Phase 3: Experiment (triggered by hypothesis acceptance)

  1. Take the top-ranked hypothesis
  2. Design the experiment: use posthog-experiments to create a feature flag that splits traffic between control (current) and variant (hypothesis change)
  3. Implement the variant using the appropriate fundamental (e.g., if the hypothesis is "change email subject line," use loops-sequences or instantly-campaign to create the B variant)
  4. Set the experiment duration: minimum 7 days or until 100+ samples per variant, whichever is longer
  5. Log the experiment start in Attio with: hypothesis, start date, expected duration, success criteria

Phase 4: Evaluate (triggered by experiment completion)

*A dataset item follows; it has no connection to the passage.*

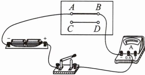 11. 如图所示,AB、CD 是长度相同的两条镍铬合金线,AB 的横截面积大于 CD 的。将它们分别接入电路进行实验,则接 AB 时电流表的示数
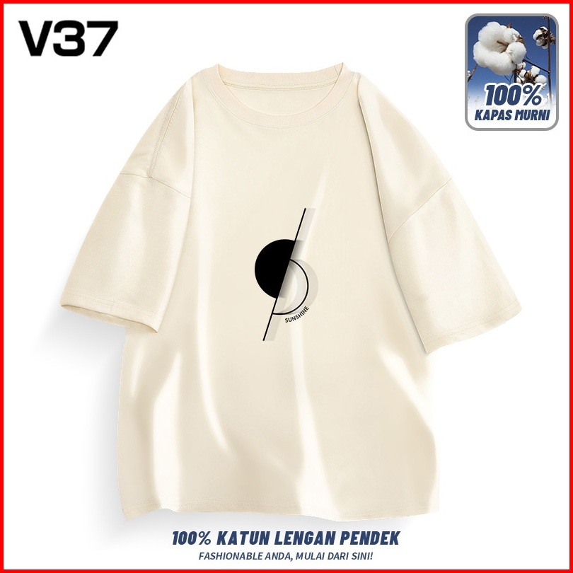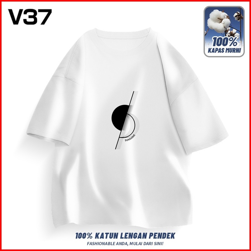 V37 T Shirt Kaos Pria Katun Lengan Pendek Logo Script T-shirt

  1. Pull experiment results from PostHog
  2. Run experiment-evaluation with control vs variant data
  3. Decision:
    • Adopt: Update the live configuration to use the winning variant. Log the change. Move to Phase 5.
    • Iterate: Generate a new hypothesis building on this result. Return to Phase 2.
    • Revert: Disable the variant, restore control. Log the failure. Return to Phase 1 monitoring.
    • Extend: Keep the experiment running for another period. Set a reminder.
  4. Store the full evaluation (decision, confidence, reasoning) in Attio

Phase 5: Report (runs weekly via n8n cron)

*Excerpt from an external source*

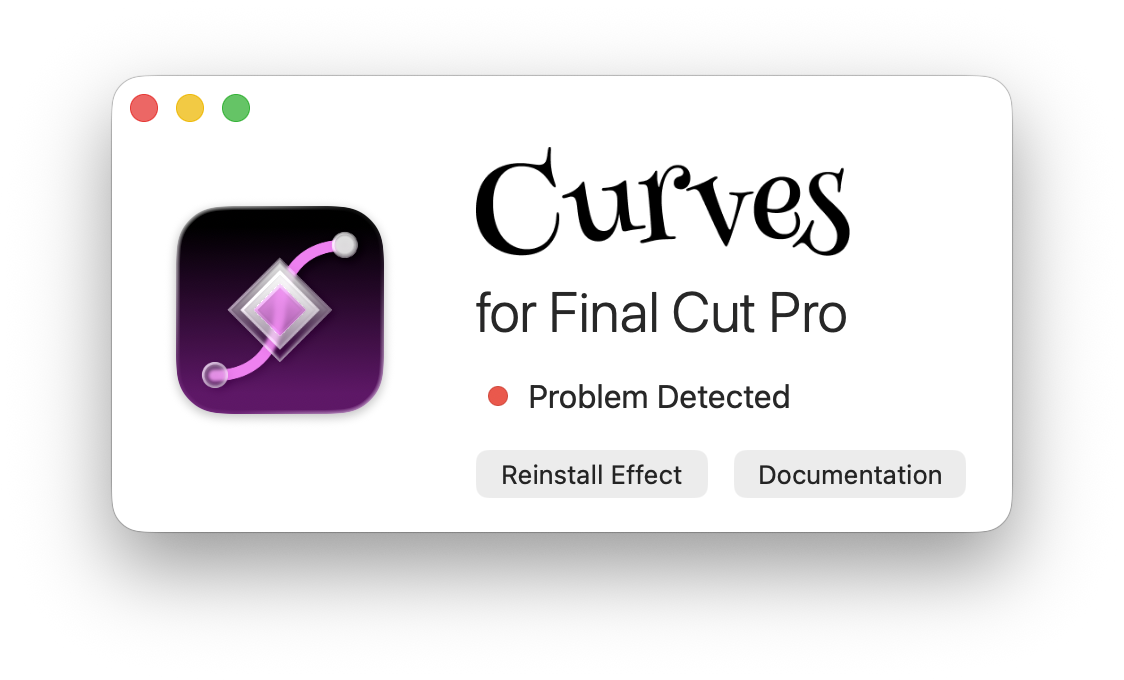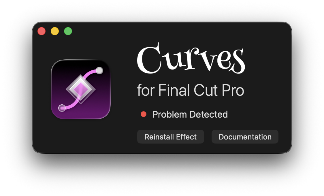 If you see a "Problem Detected" message in the Curves app, that means it wasn't able to install the Curves Motion Template to your Movies folder. This file is required for Final Cut Pro to detect the Curves plugin.

  1. Aggregate all optimization activity for the week: anomalies detected, hypotheses generated, experiments run, decisions made
  2. Calculate: net metric change from all adopted changes this week
  3. Generate a weekly optimization brief using Claude:
    • What changed and why
    • Net impact on primary KPIs
    • Current distance from estimated local maximum
    • Recommended focus for next week
  4. Post the brief to Slack and store in Attio

Guardrails (CRITICAL)

  • Rate limit: Maximum 1 active experiment per play at a time. Never stack experiments.
  • Revert threshold: If primary metric drops >30% at any point during an experiment, auto-revert immediately.
  • Human approval required for:
    • Budget changes >20%
    • Audience/targeting changes that affect >50% of traffic
    • Any change the hypothesis generator flags as "high risk"
  • Cooldown: After a failed experiment (revert), wait 7 days before testing a new hypothesis on the same variable.
  • Maximum experiments per month: 4 per play. If all 4 fail, pause optimization and flag for human strategic review.
  • Never optimize what isn't measured: If a KPI doesn't have PostHog tracking, fix tracking first (use posthog-gtm-events drill) before running experiments on it.

Output

  • Continuous metric monitoring with anomaly alerts
  • Automated hypothesis → experiment → evaluation → implementation cycle
  • Weekly optimization briefs
  • Audit trail of every change, why it was made, and what happened

When to Stop

The optimization loop runs indefinitely at Durable level. However, it should detect convergence — when successive experiments produce diminishing returns (<2% improvement for 3 consecutive experiments). At convergence:

  1. The play has reached its local maximum
  2. Reduce monitoring frequency from daily to weekly
  3. Report to the team: "This play is optimized. Current performance is [metrics]. Further gains require strategic changes (new channels, new audience, product changes) rather than tactical optimization."